- Born: Omar Harry Balmes Manzano
- Origin: Makati
- Genres: Hip-hop
- Instrument: Vocals
- Years active: 2011–present

= Omar Baliw =

Filipino rapper

Omar Harry Balmes Manzano, professionally known as Omar Baliw, is a Filipino rapper.

==Career==
Omar Harry Manzano is a native of Naga, Camarines Sur but is a resident of Pembo, Makati (now Taguig). He started making music while he was still a teenager and worked odd-jobs during college such as being a gasoline station attendant and a restroom cleaner.
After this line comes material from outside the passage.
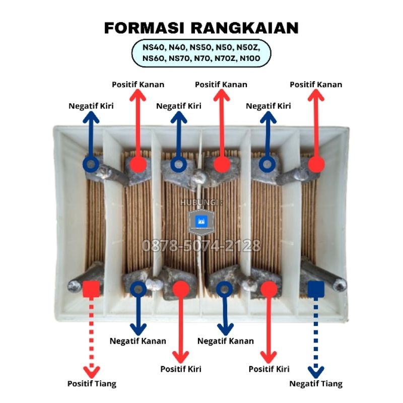 Full Set Rangkaian Sel Aki Positif & Negatif Siap Pasang untuk 1 Aki NS/N40-N200 (Bonus Separator Baru)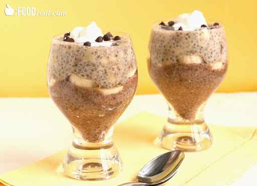 To serve divide equally between 2 bowls or glasses and layer in the following order: chocolate pudding, banana, banana pudding. Top with Greek yogurt and chocolate chips (both are optional).

He started being active in the hip-hop scene in 2008 and later released his debut album "High Minds Music" in 2011. His parents were skeptical of him pursuing a career in the genre but a microphone he was gifted by his then-girlfriend now wife encouraged him. His stage name Omar Baliw (baliw being Filipino for "crazy") is a reference to his performing style which is characterized by tendency to jump and perform somersaults. He has named Gloc-9 as an inspiration for his works.
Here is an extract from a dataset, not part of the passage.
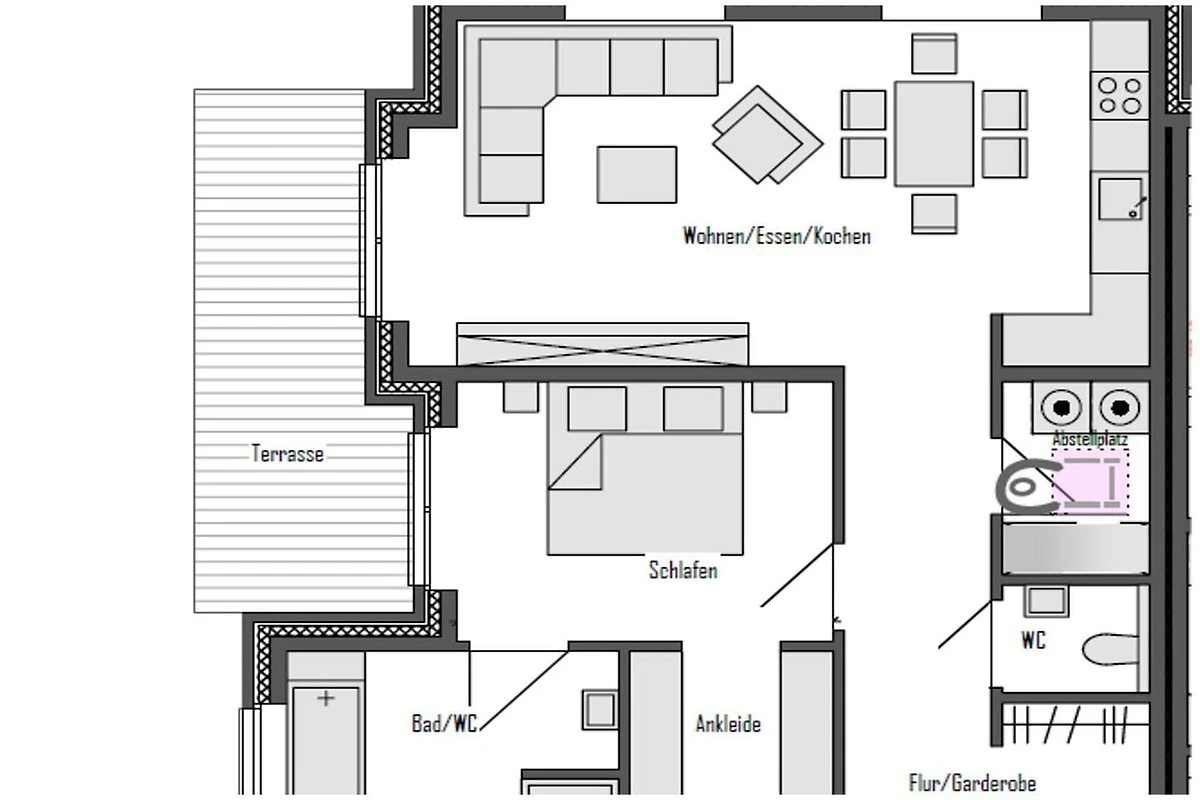 Il cuore dell'appartamento è la spaziosa zona soggiorno-pranzo open space, che non lascia nulla a desiderare con una moderna cucina completamente attrezzata con fornello elettrico, microonde, forno e lavastoviglie. Inizia la giornata con un caffè appena macinato dalla macchina per il caffè completamente automatica.

His big break came when he released "K&B" in 2019 which was performed with fellow artist CLR.

Omar Baliw established presence in Spotify and set up a YouTube channel to exhibit his works. He is also present in Facebook and TikTok. He has also collaborated with other artists including Gloc-9.
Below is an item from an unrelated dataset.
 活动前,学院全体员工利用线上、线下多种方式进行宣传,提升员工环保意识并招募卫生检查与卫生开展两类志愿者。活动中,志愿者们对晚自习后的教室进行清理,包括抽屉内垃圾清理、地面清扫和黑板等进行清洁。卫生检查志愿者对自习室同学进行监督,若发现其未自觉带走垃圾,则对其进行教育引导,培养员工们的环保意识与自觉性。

In June 2022, Believe Artist Services signed Omar to a management contract In June 2023, he became part of the Asintada Management and Production Inc. talent agency ran by Gloc-9's wife.

In September 2023, he announced intention to retire in five years time before he turns 40 years old to focus on his family.

Baliw sued senatorial candidate and Kingdom of Jesus Christ founder Apollo Quiboloy for using a remix of his song "K&B" for the pastor's campaign jingle in March 2025.

==Personal life==
He is married to Dana, whom he first dated during his college years. He has two children. He also runs the High Minds Clothing line.